Description of the task:
From the records that follow, return exactly the lines beginning at the one that contains "Smart og moderne" and ending at the one that contains "商品名 極薄2mm のびのびシルク腹巻", pictures left out.

Material supplied:
****************************************
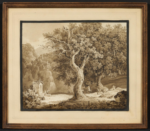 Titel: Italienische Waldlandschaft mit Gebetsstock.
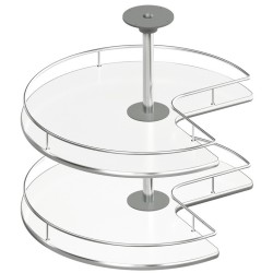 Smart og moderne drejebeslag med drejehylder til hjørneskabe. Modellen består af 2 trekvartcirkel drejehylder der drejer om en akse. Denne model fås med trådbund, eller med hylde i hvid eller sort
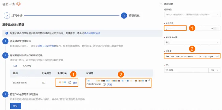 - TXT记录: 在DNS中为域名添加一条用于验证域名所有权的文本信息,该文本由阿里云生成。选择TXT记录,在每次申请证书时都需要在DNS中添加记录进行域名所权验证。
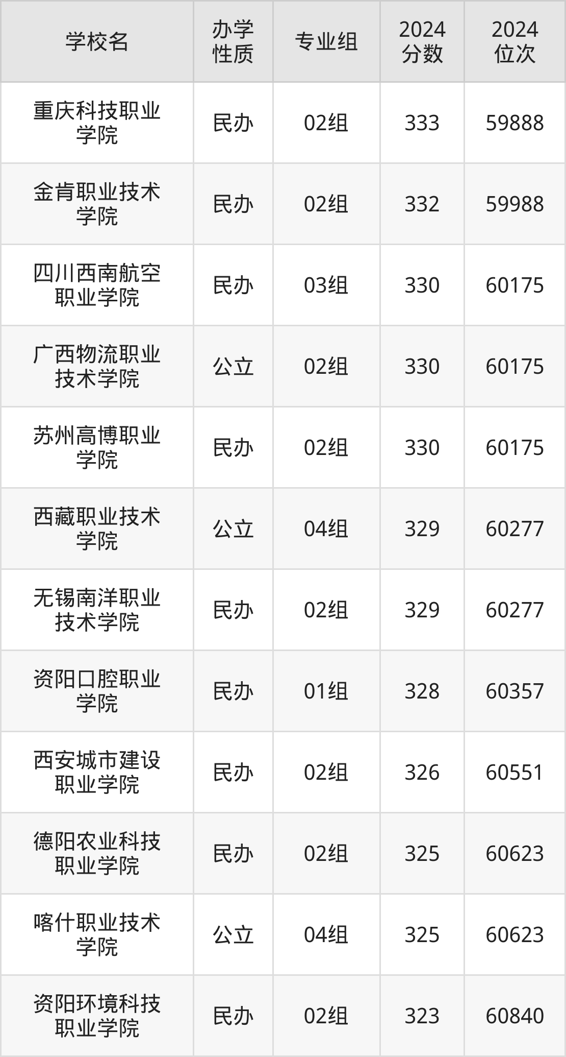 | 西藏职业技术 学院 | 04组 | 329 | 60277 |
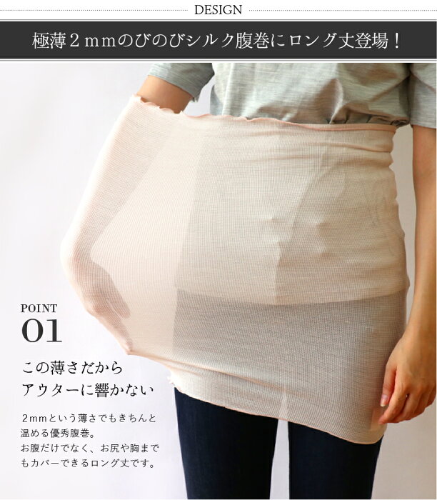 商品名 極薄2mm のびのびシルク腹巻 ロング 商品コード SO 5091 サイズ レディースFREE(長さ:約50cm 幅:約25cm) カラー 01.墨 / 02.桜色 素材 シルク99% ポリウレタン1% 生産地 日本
****************************************
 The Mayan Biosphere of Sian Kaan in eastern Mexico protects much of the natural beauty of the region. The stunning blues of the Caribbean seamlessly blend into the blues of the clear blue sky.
****************************************
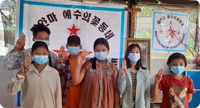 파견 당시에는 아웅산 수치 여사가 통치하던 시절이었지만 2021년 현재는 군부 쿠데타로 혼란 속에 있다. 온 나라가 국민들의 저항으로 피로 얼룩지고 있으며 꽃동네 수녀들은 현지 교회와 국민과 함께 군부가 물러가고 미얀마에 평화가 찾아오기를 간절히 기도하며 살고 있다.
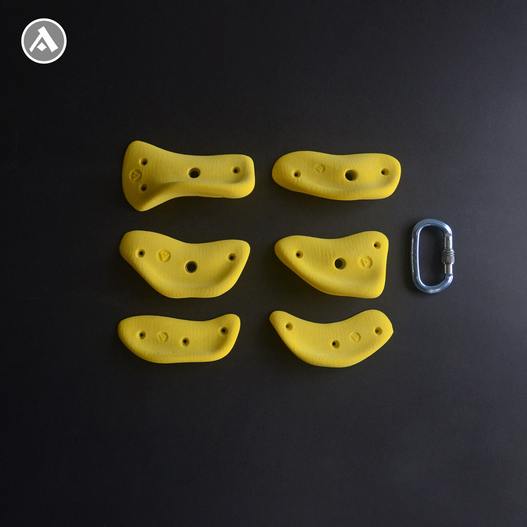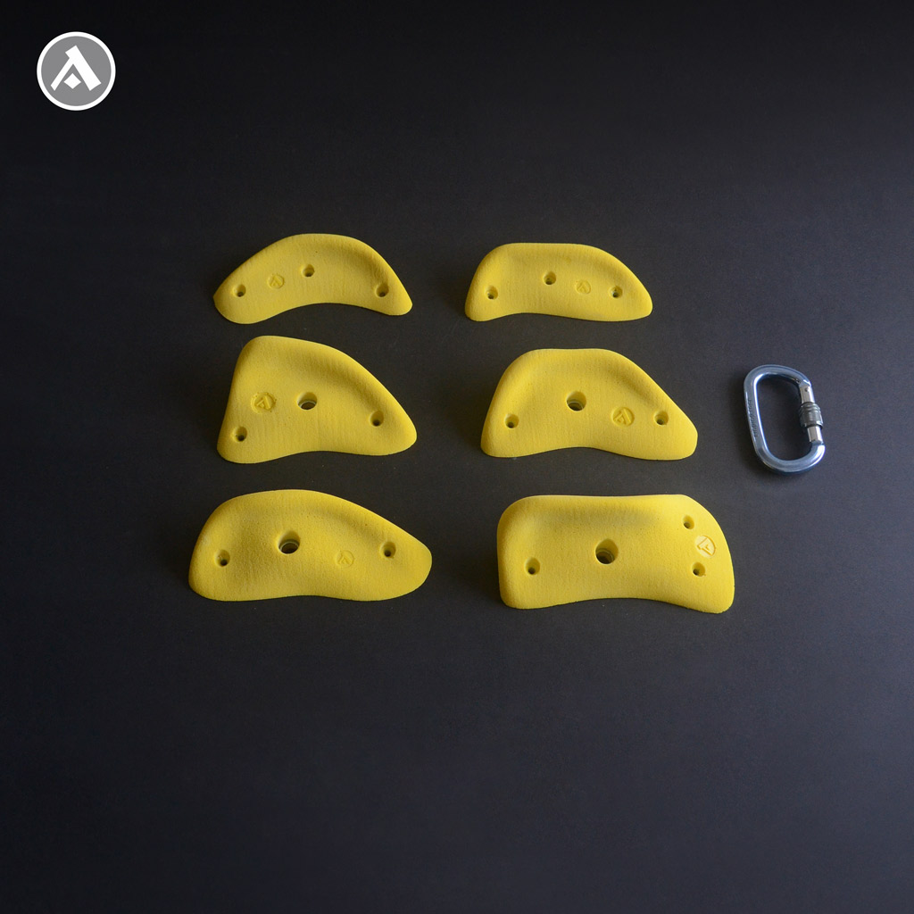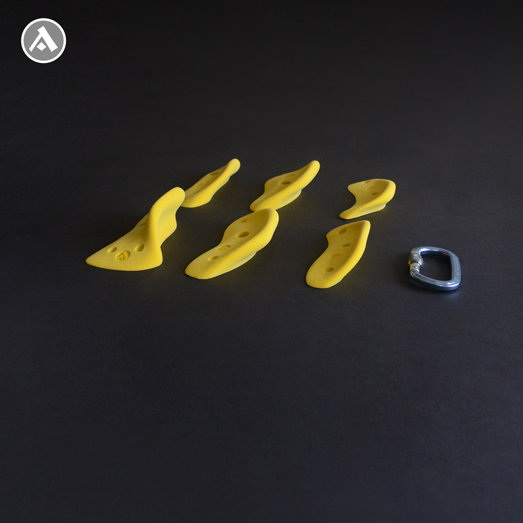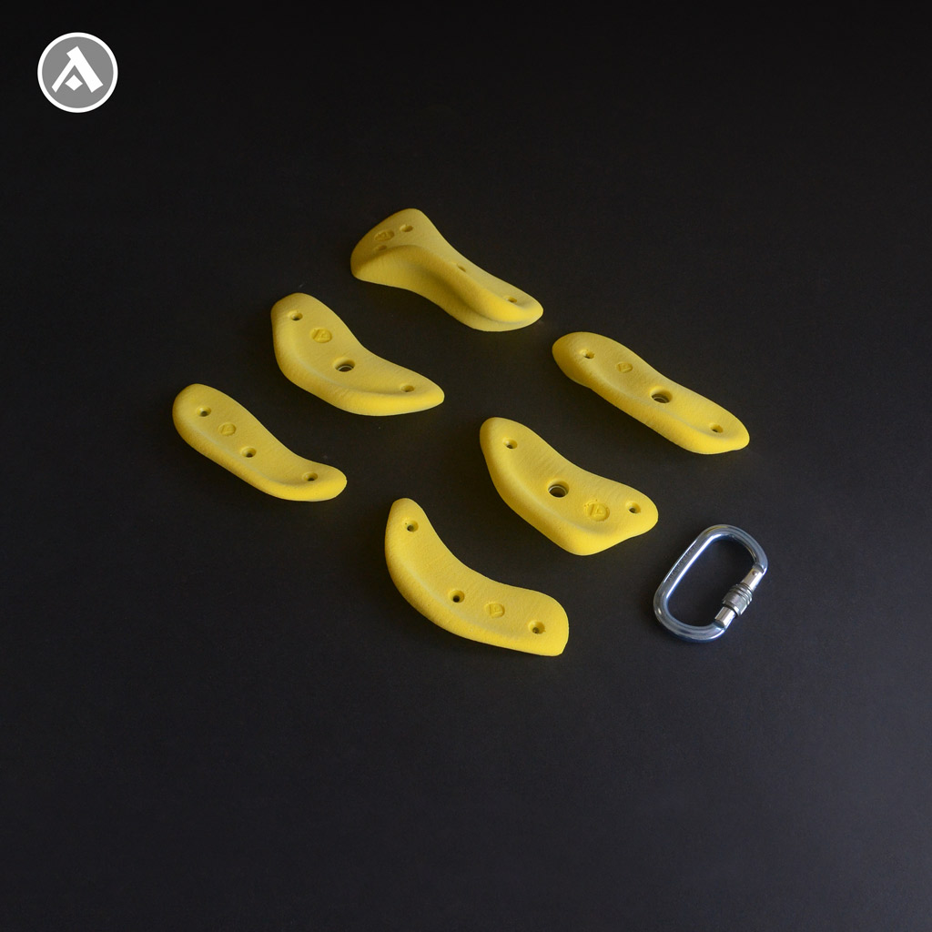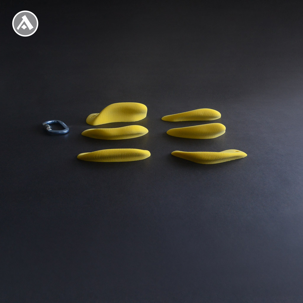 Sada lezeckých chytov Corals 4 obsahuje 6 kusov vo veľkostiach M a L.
****************************************
Answer space:
 Smart og moderne drejebeslag med drejehylder til hjørneskabe. Modellen består af 2 trekvartcirkel drejehylder der drejer om en akse. Denne model fås med trådbund, eller med hylde i hvid eller sort
 - TXT记录: 在DNS中为域名添加一条用于验证域名所有权的文本信息,该文本由阿里云生成。选择TXT记录,在每次申请证书时都需要在DNS中添加记录进行域名所权验证。
 | 西藏职业技术 学院 | 04组 | 329 | 60277 |
 商品名 極薄2mm のびのびシルク腹巻 ロング 商品コード SO 5091 サイズ レディースFREE(長さ:約50cm 幅:約25cm) カラー 01.墨 / 02.桜色 素材 シルク99% ポリウレタン1% 生産地 日本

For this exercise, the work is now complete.